───── Information shown

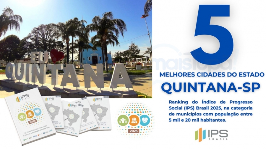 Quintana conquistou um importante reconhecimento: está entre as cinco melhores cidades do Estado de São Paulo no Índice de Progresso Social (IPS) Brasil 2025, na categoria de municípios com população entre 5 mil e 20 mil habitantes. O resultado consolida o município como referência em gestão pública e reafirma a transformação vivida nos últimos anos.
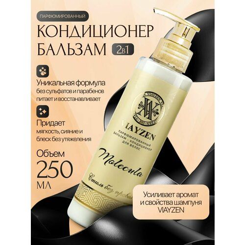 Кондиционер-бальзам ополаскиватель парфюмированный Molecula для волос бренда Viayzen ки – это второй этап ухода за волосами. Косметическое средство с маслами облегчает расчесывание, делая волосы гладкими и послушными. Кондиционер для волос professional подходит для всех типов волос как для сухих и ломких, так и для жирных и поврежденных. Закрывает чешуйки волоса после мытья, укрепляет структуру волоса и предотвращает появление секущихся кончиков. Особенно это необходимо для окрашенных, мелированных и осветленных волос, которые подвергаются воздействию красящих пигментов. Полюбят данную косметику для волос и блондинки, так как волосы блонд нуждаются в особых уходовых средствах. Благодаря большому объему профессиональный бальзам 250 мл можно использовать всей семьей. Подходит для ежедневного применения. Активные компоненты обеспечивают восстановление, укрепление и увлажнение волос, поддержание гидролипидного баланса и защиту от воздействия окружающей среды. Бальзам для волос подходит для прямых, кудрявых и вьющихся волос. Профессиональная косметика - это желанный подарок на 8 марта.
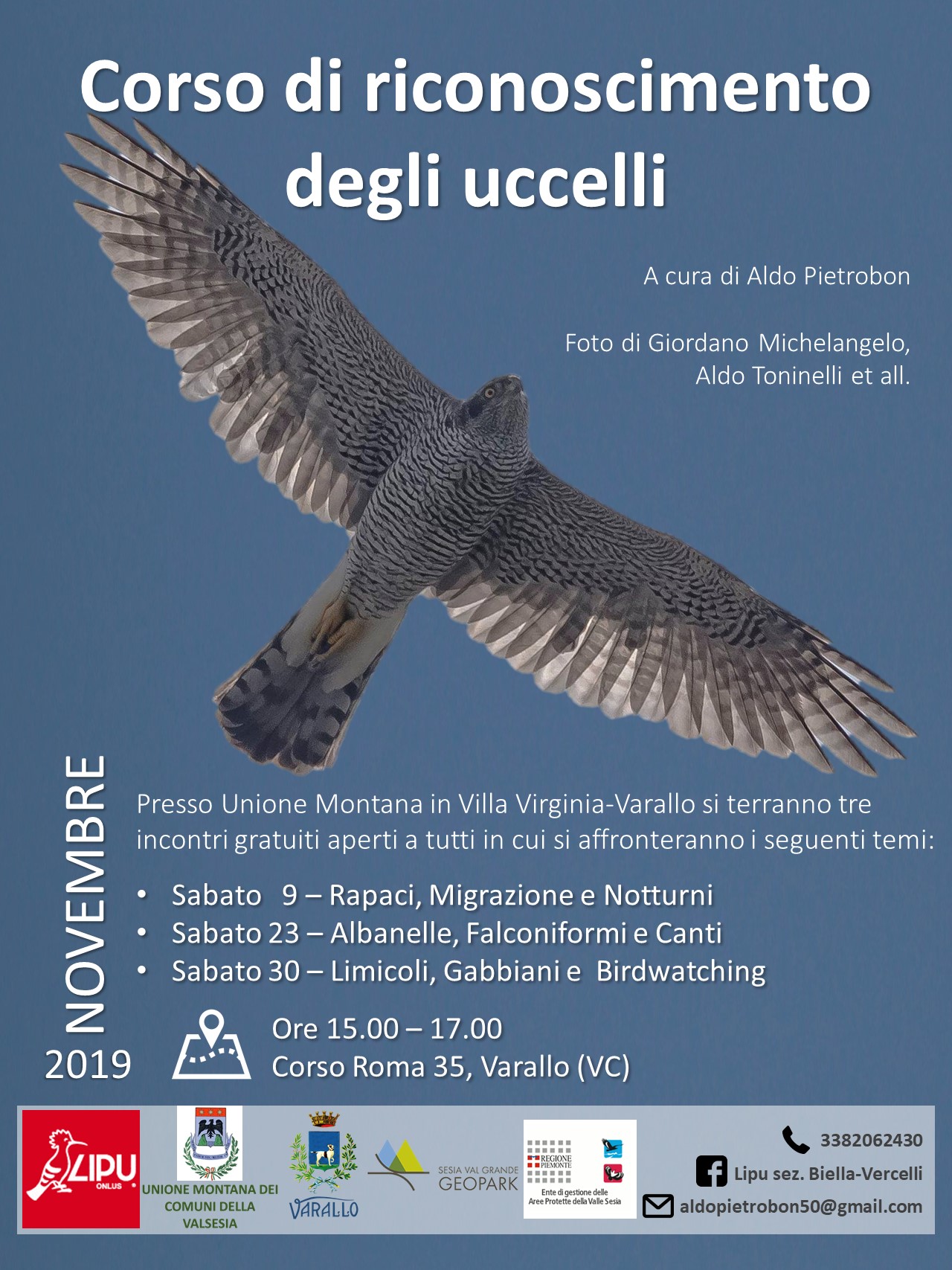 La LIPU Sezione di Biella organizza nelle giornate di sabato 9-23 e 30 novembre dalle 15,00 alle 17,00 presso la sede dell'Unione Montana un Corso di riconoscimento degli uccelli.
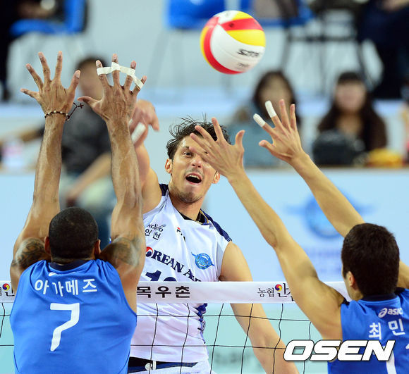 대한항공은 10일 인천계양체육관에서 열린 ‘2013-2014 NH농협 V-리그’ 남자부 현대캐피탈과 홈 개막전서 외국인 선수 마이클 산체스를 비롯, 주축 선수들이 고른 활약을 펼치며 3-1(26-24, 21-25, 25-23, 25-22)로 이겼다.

──────────
───── Information shown

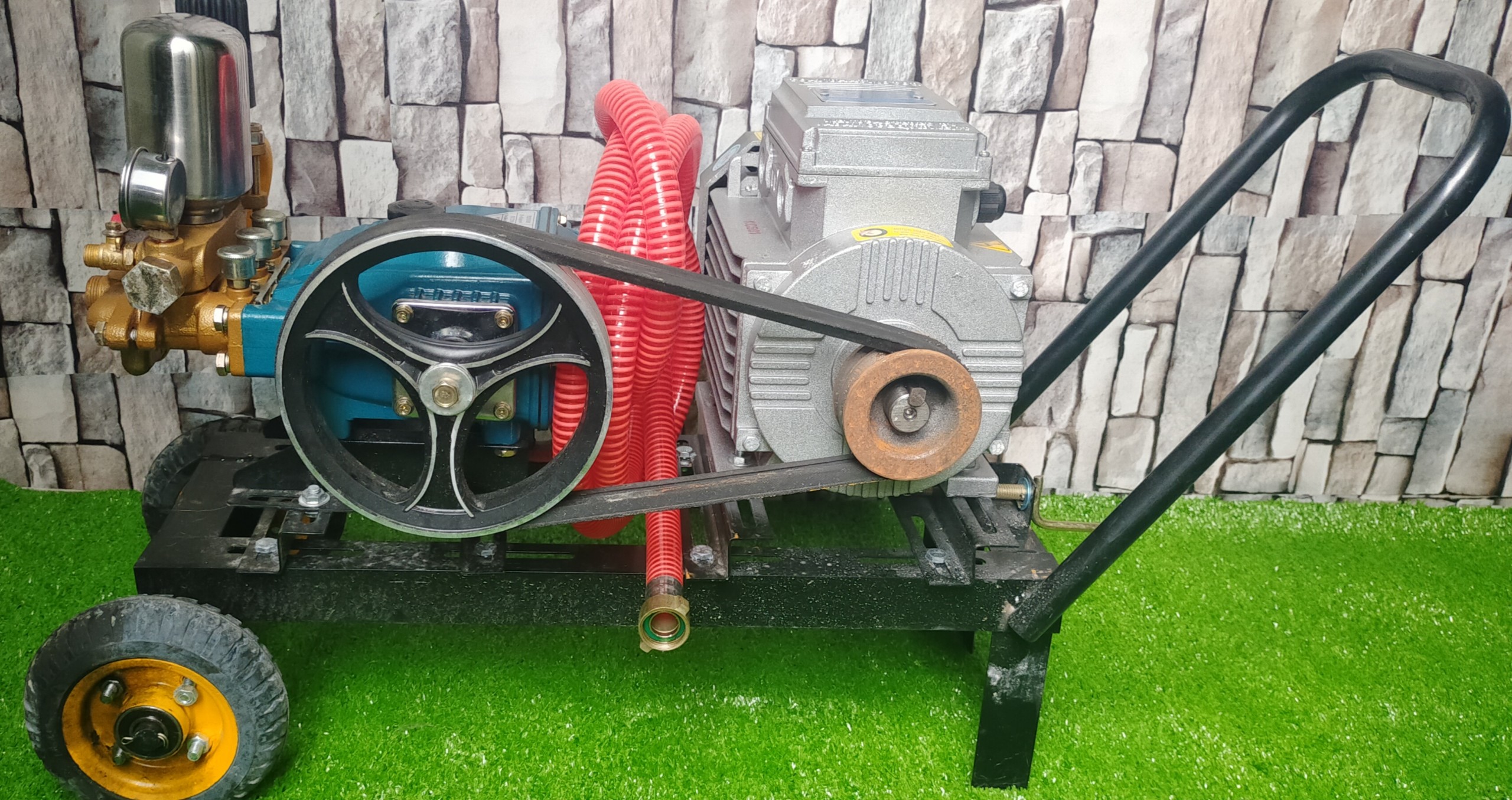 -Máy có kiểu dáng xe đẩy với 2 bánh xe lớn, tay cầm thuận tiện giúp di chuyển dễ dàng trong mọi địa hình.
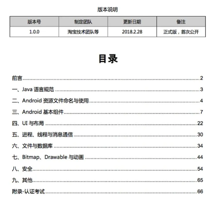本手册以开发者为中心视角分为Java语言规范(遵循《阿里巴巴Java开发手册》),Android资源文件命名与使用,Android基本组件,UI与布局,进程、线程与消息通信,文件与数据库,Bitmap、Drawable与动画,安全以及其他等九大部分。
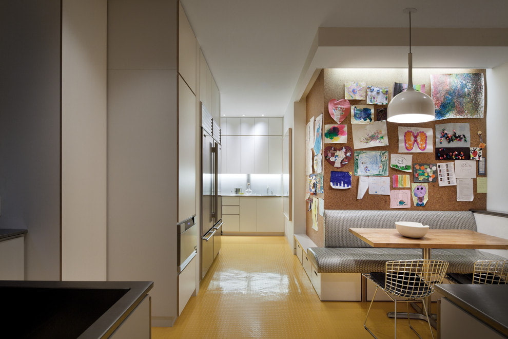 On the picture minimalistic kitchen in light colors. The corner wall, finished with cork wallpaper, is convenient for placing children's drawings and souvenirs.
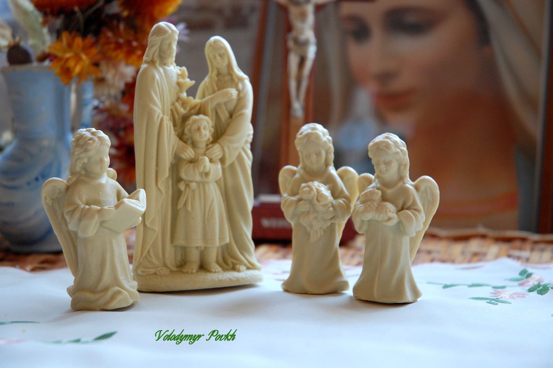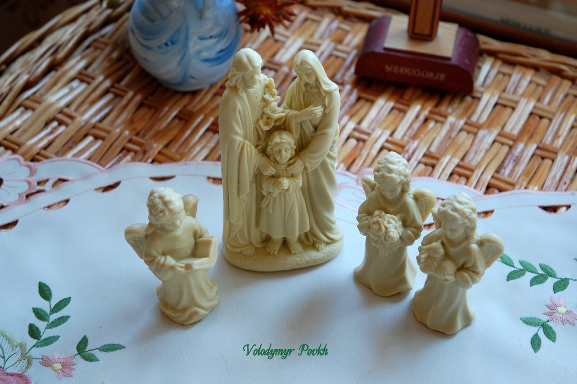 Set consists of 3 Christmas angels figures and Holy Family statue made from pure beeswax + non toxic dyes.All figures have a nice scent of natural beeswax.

──────────

> Exercise directions
Respond with the exact lines above running from the one containing "Quintana conquistou um" to the one containing "Кондиционер-бальзам ополаскиватель парфюмированный", both ends kept and no pictures included.

> Response
 Quintana conquistou um importante reconhecimento: está entre as cinco melhores cidades do Estado de São Paulo no Índice de Progresso Social (IPS) Brasil 2025, na categoria de municípios com população entre 5 mil e 20 mil habitantes. O resultado consolida o município como referência em gestão pública e reafirma a transformação vivida nos últimos anos.
 Кондиционер-бальзам ополаскиватель парфюмированный Molecula для волос бренда Viayzen ки – это второй этап ухода за волосами. Косметическое средство с маслами облегчает расчесывание, делая волосы гладкими и послушными. Кондиционер для волос professional подходит для всех типов волос как для сухих и ломких, так и для жирных и поврежденных. Закрывает чешуйки волоса после мытья, укрепляет структуру волоса и предотвращает появление секущихся кончиков. Особенно это необходимо для окрашенных, мелированных и осветленных волос, которые подвергаются воздействию красящих пигментов. Полюбят данную косметику для волос и блондинки, так как волосы блонд нуждаются в особых уходовых средствах. Благодаря большому объему профессиональный бальзам 250 мл можно использовать всей семьей. Подходит для ежедневного применения. Активные компоненты обеспечивают восстановление, укрепление и увлажнение волос, поддержание гидролипидного баланса и защиту от воздействия окружающей среды. Бальзам для волос подходит для прямых, кудрявых и вьющихся волос. Профессиональная косметика - это желанный подарок на 8 марта.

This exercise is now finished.